Left Behind: revelando o fundamentalismo cristão

Imagina: és um soldado de um grupo paramilitar cujo objectivo é transformar a América numa teocracia cristã e estabelecer a sua visão mundana do domínio de Cristo sobre todos os aspectos da vida. É-te fornecido armamento high-tech e és instruído para enfrentar os infiéis nas ruas de Nova Iorque. A tua missão – simultaneamente uma missão religiosa e uma missão militar – é converter ou matar católicos, judeus, muçulmanos, budistas, homossexuais, todos os que advoguem a separação do estado e da Igreja, especialmente cristãos moderados «de café». A tua missão é «conduzir guerra física e espiritual»; todos os que resistirem devem ser mortos.

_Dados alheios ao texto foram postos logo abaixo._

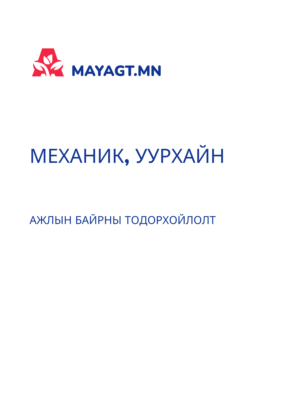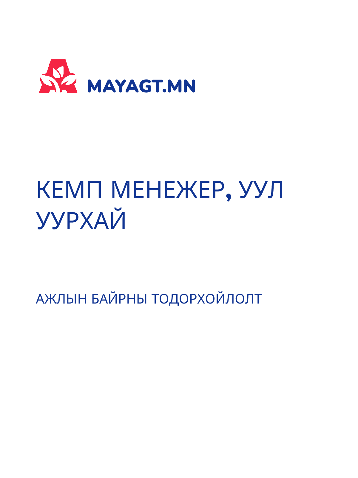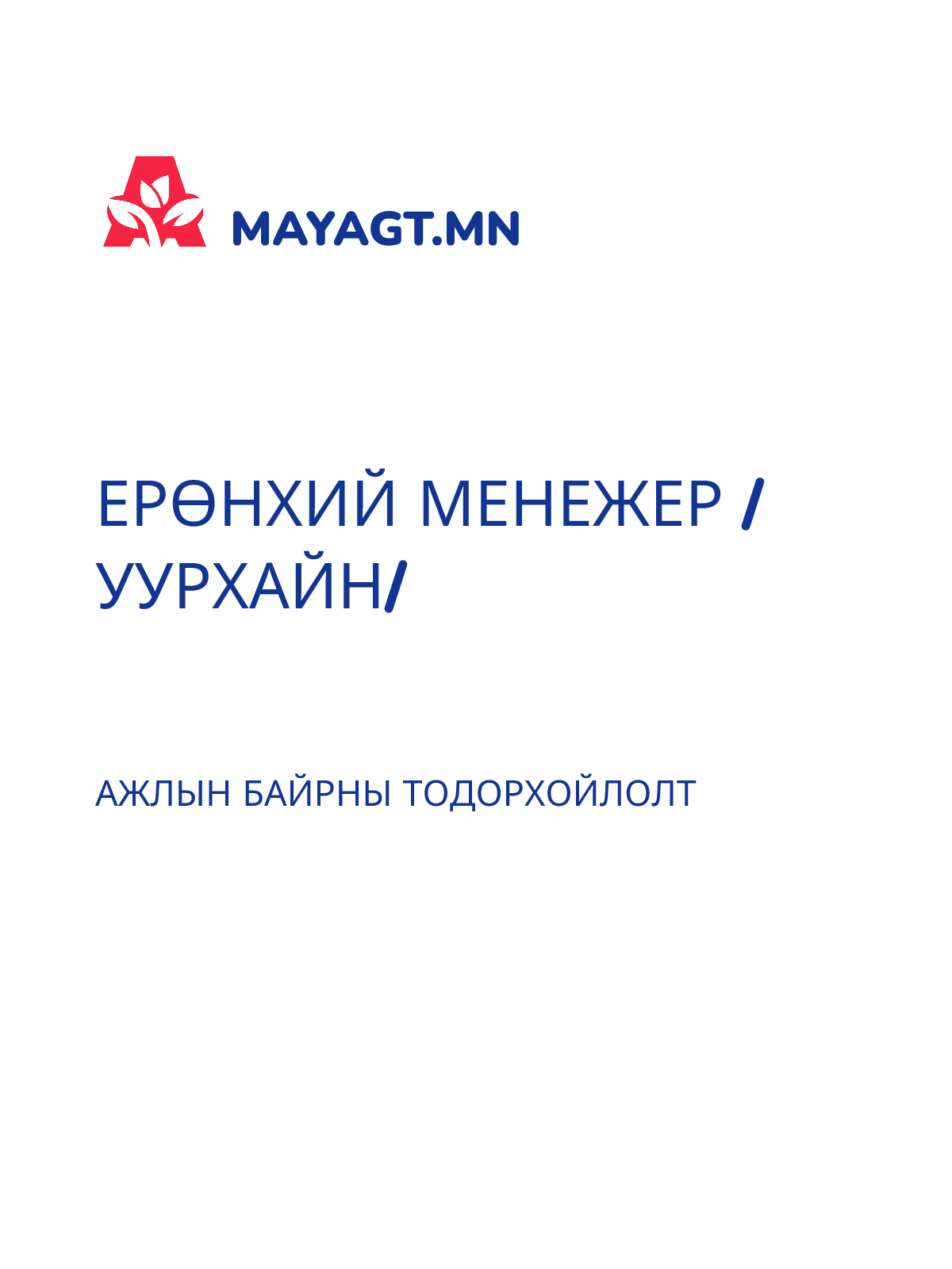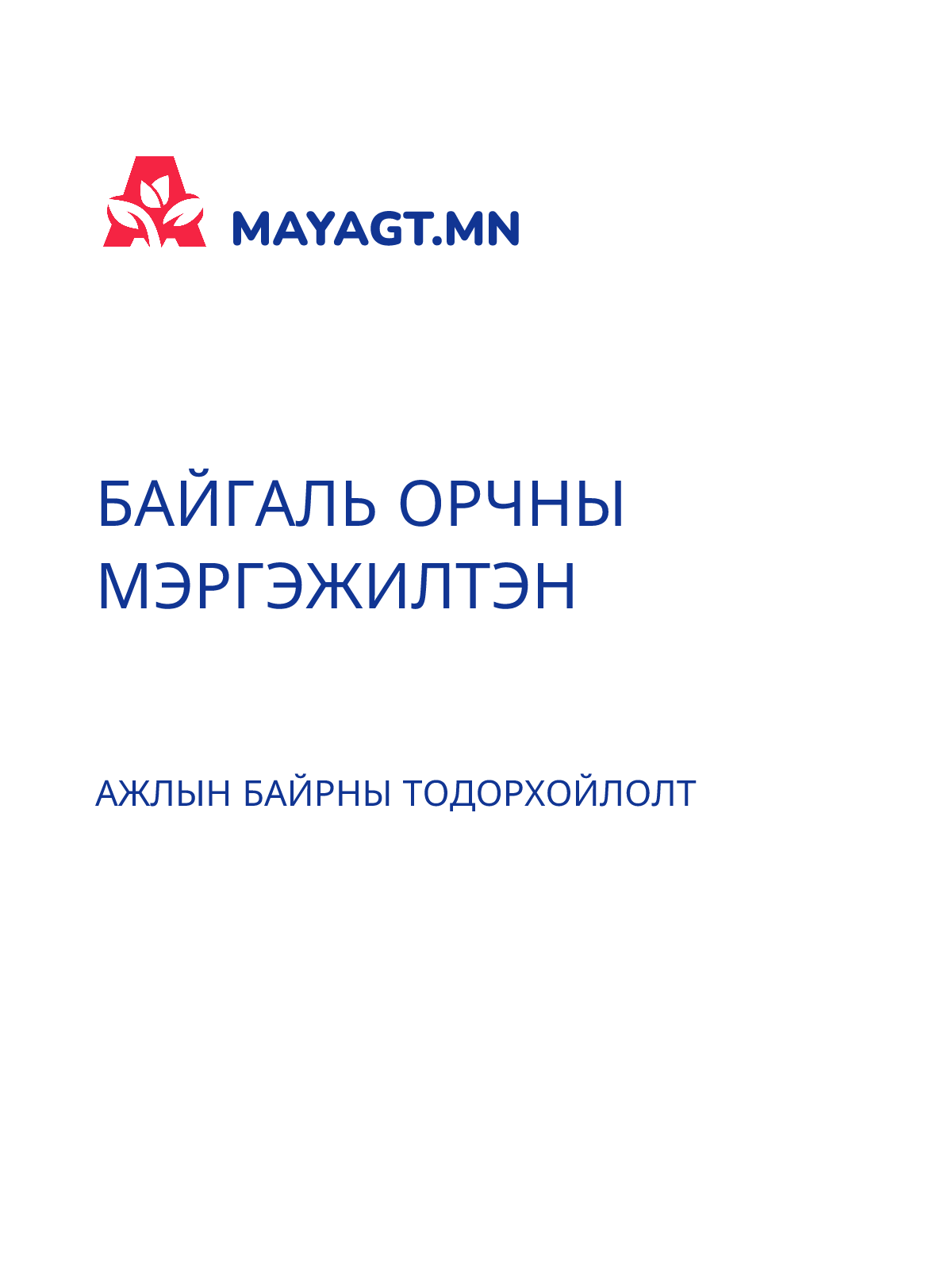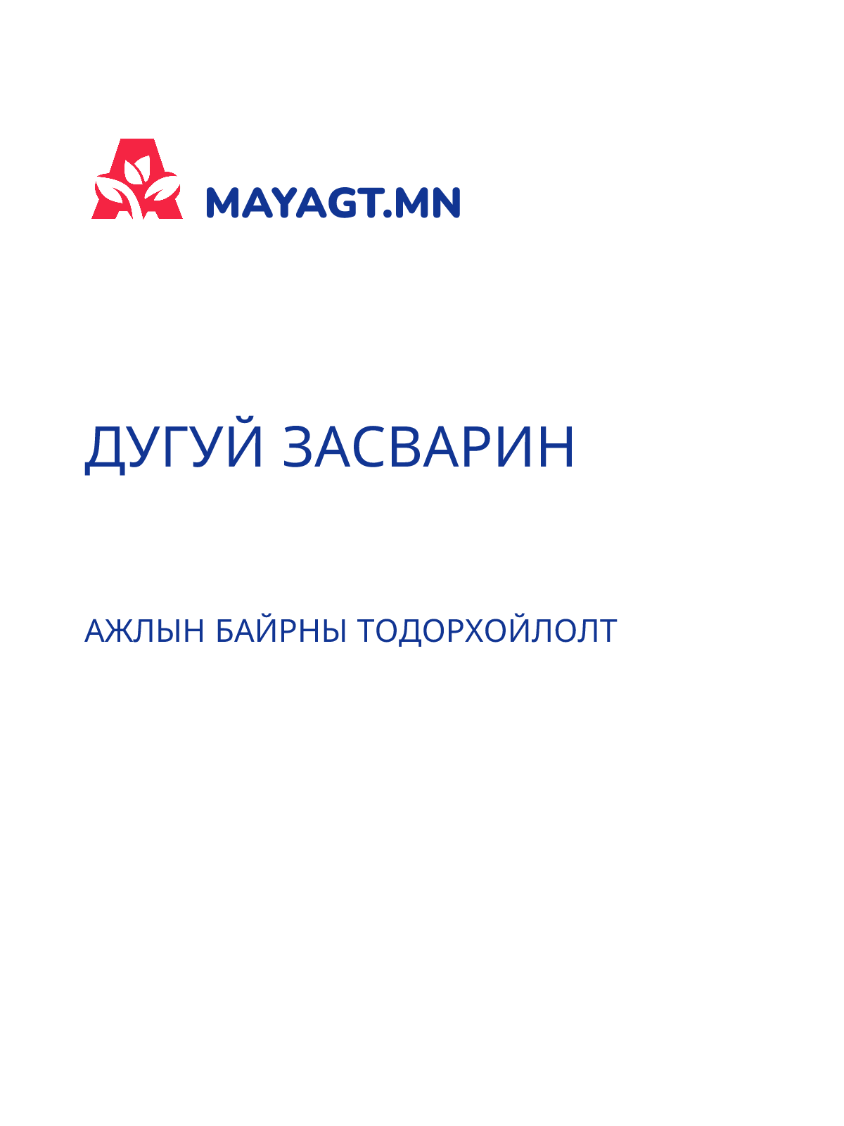 АЖЛЫН БАЙРНЫ ТОДОРХОЙЛОЛТ

Esta é a melhor descrição que encontrei do novo jogo cristão que, antes do lançamento, previsto para Novembro, destinado a ser uma apropriada prenda de Natal, está a fazer furor nos Estados Unidos, «Left Behind: Eternal Forces».

O jogo, de cujo grupo de «conselheiros» faz parte um dos colaboradores do pastor Rick Warren, da Purpose Driven Church, é baseado nos livros «Left Behind»- um fenómeno de vendas comparável ao «Código da Vinci» com mais de 65 milhões de cópias vendidas – cujos fans rábidos são pastores dominionistas e homofóbicos, como, p.e., James Dobson da Focus on the Family que doutrinam incontáveis militantes cristobots para os seus exércitos de Deus.

Aliás, os autores dos livros são, como não podia deixar de ser, rábidos fundamentalistas cristãos, em especial o pastor ultra-fundamentalista, criacionista puro e duro, Tim LaHaye – fundador da American Coalition for Traditional Values, da Coalition for Religious Freedom, da organização anti-feminista Concerned Women for America e do Institute for Creation Research . Jerry Jenkins, ligado ao Moody Bible Institute, é o co-autor da série.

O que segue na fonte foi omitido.